The Finish Line

Multi Robot Exercise

GSoC Final Submission

Project Overview

JdeRobot Academy hosts a number of exercises to teach students about robotics and AI. One such exercise was (single robot) amazon warehouse exercise using ROS Kinetic. Students, however, are abstracted from the complexities of the framework and they only need to code the algorithms.

My project JdeMultiBot was designed to extend the single robot Amazon warehouse exercise to implement a scalable, cooperative, multi-agent task and path planning system. Additionally, JdeMultiBot was intended to leverage the latest release of ROS2 (Foxy), using its features and giving students a chance to get acquainted with the new age of robotics. You are welcome to read the initial proposal.

Goals

The end goal of the project was to have a system of collaborating multi robots, in an indoor warehouse setting, in ROS2. But a direct jump from a single robot exercise in an EOL ROS version to using cutting edge navigation 2 features could have been huge. Hence, we decided to split our goals into 3 subgoals

  1. Porting Amazon Robot exercise from ROS Kinetic (16.04) to ROS Noetic (20.04)
  2. Making a new ROS2 Foxy amazon robot exercise with single robot
  3. Extending single robot exercise to a multirobot environment.

However, like there are side quests RPGs, these are some of the side goals that I had to finish in order to achieve our end goal.

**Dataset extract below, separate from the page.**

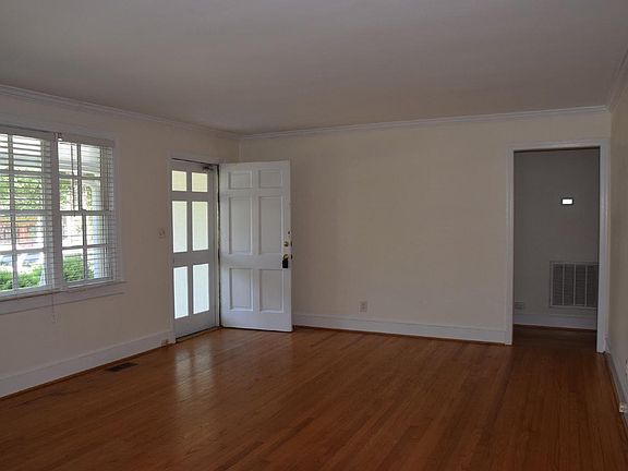Available for 2/1 move in. Charming front porch with rocking chairs welcomes you to this Five Points Vanguard Park, one story. 2 bedroom. 1 bath duplex with hardwoods throughout and deck overlooking large flat back yard for your outdoor activities. The spacious living room includes gas log fireplace and kitchen has door to rear deck and yard. Includes off-street parking. Close to Downtown Raleigh and Cameron Village. Permit 1 adult pet under 30 lbs with $300 pet fee. No smoking permitted.

  1. Creating a custom robot and warehouse environment in Gazebo
  2. Making our robot move around using Navigation 2 stack
  3. Adding additional functionality to make our robot load and unload pallets
  4. Extending the environment to be used for multiple robots
  5. Making reproducible and portable code by using docker
  6. Designing exercises which are intuitive yet challenging for students.

Contributing

After getting the acceptance email, my first priority was to understand how Jderobot Academy is structured. To get a student’s perspective, I solved the Global Navigation exercise during the community bonding period. ROS1 released their newest version Noetic around this time and my next week went into investigating how to proceed with the porting. We also set up our meeting structure, a blog site for weekly progress and a dashboard for notes and scratchpad.

Period 1: ROS1 Kinetic → ROS1 Noetic

The exercise depended a lot of legacy code such as ICE and Comm, which are now completely replaced by ROS middleware. Moreover there is a major change from python2 to python3, which brakes many dependencies. In order to get around this, I wrote a python Connector package which acts as a glue between the old code and new code. In addition, some dependencies were ported and published on ROS distro deps.

After fixing some dependances and also creating a docker image, the exercise was successfully released.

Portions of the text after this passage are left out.